I suspect one of the reasons we didn’t mix socially was that Mr. Downing was the complete opposite of my father who, as unsocial as he was, ruled our event calendar. Or, rather, Mr. D was the opposite of my father in every way but one: they were both loners who had nothing in common with the rest of the world. Now that I think of it, they both also generated fear in their children. Then there was the veneer of superiority they both carried around with them. Okay, maybe they were two hateful peas in a pod. Like Mr. Downing, my father was quiet and sinister, a red-faced ball of anger and resentment with a violent streak. There were rages from room to room. Silences. Biting language. Not to mention the time he . . . but I see I’m going off track here and should go more deeply into this some other time.
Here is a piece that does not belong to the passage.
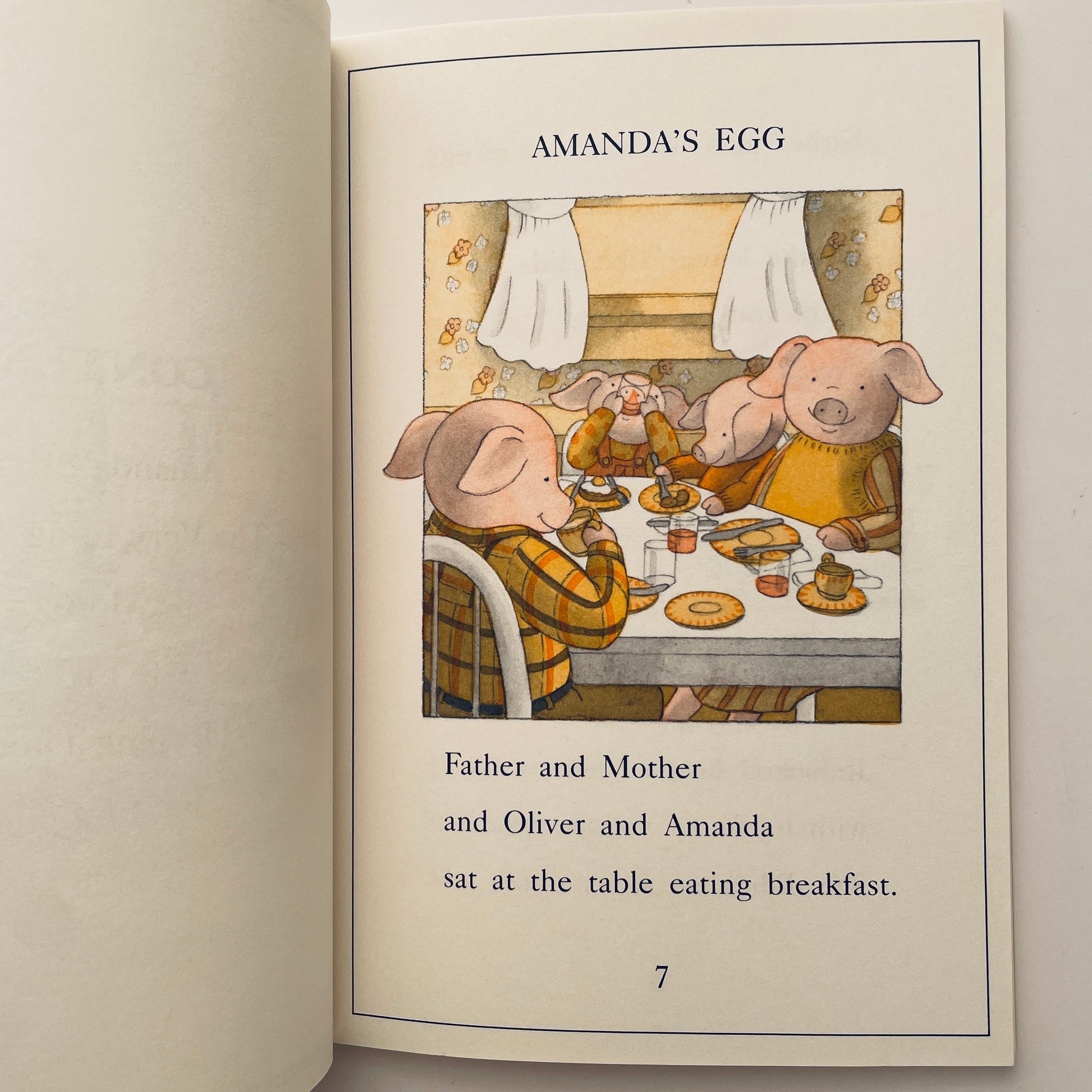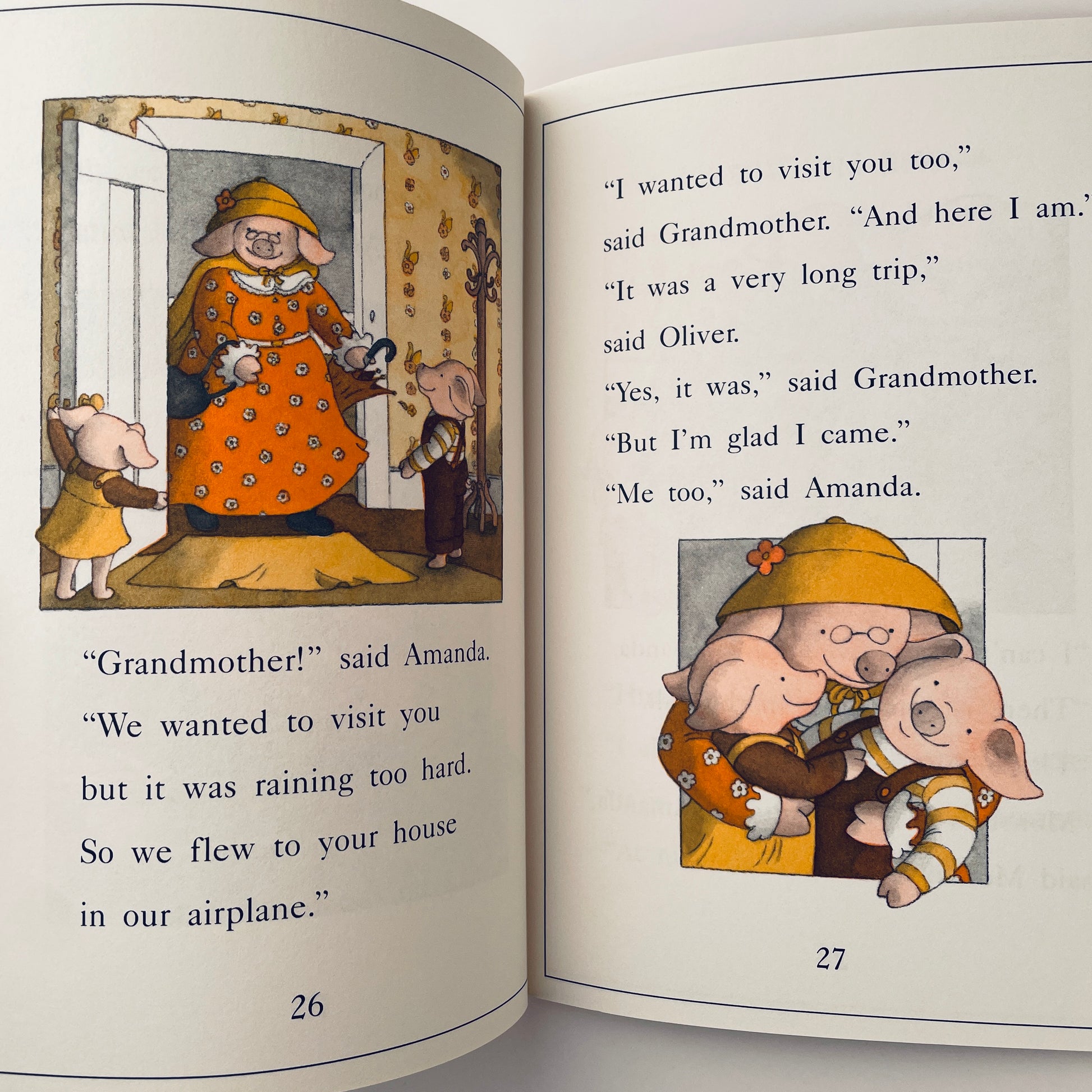 Oliver's little sister isn't too little any more. Now Amanda is big enough to fly all the way to Grandmother's in a make-believe airplane. She's brave enough to tell Oliver he's mean and dumb when he calls her a fat baby. And she's clever enough to put a weary Mother Pig to sleep with her very own song and story.

What I wanted to tell you was that on Saturdays after mowing the lawn, Mr. Downing relaxed by putting jazz records on the hi-fi. Then he would turn the speakers out to the patio and play an assortment of pot- and pan lids with a set of wire drum brushes. Drum brushes. As if he was in a smoky downtown club and everyone was hep. Only he was playing his wife’s kitchenware, it was a patio on Cliffview Road, and it was only us kids. For such a cool cat, he was darkly fierce about this activity; it was not only his damn right, but something he was compelled to do. We were under strict instructions not to disturb him while he was playing. I know, right? Ruin his solo or something.
We were under strict instructions not to disturb his lawn, either. If anyone started across it after a winter snowfall, he’d tear open the front door like a mad little demon and shriek, “Get off my snow!”
Snow. That’s why I’ve remembered all of this. We’ve just had a pretty good snowfall here in Connecticut. My family and I invite you to walk all over it. Merry Christmas!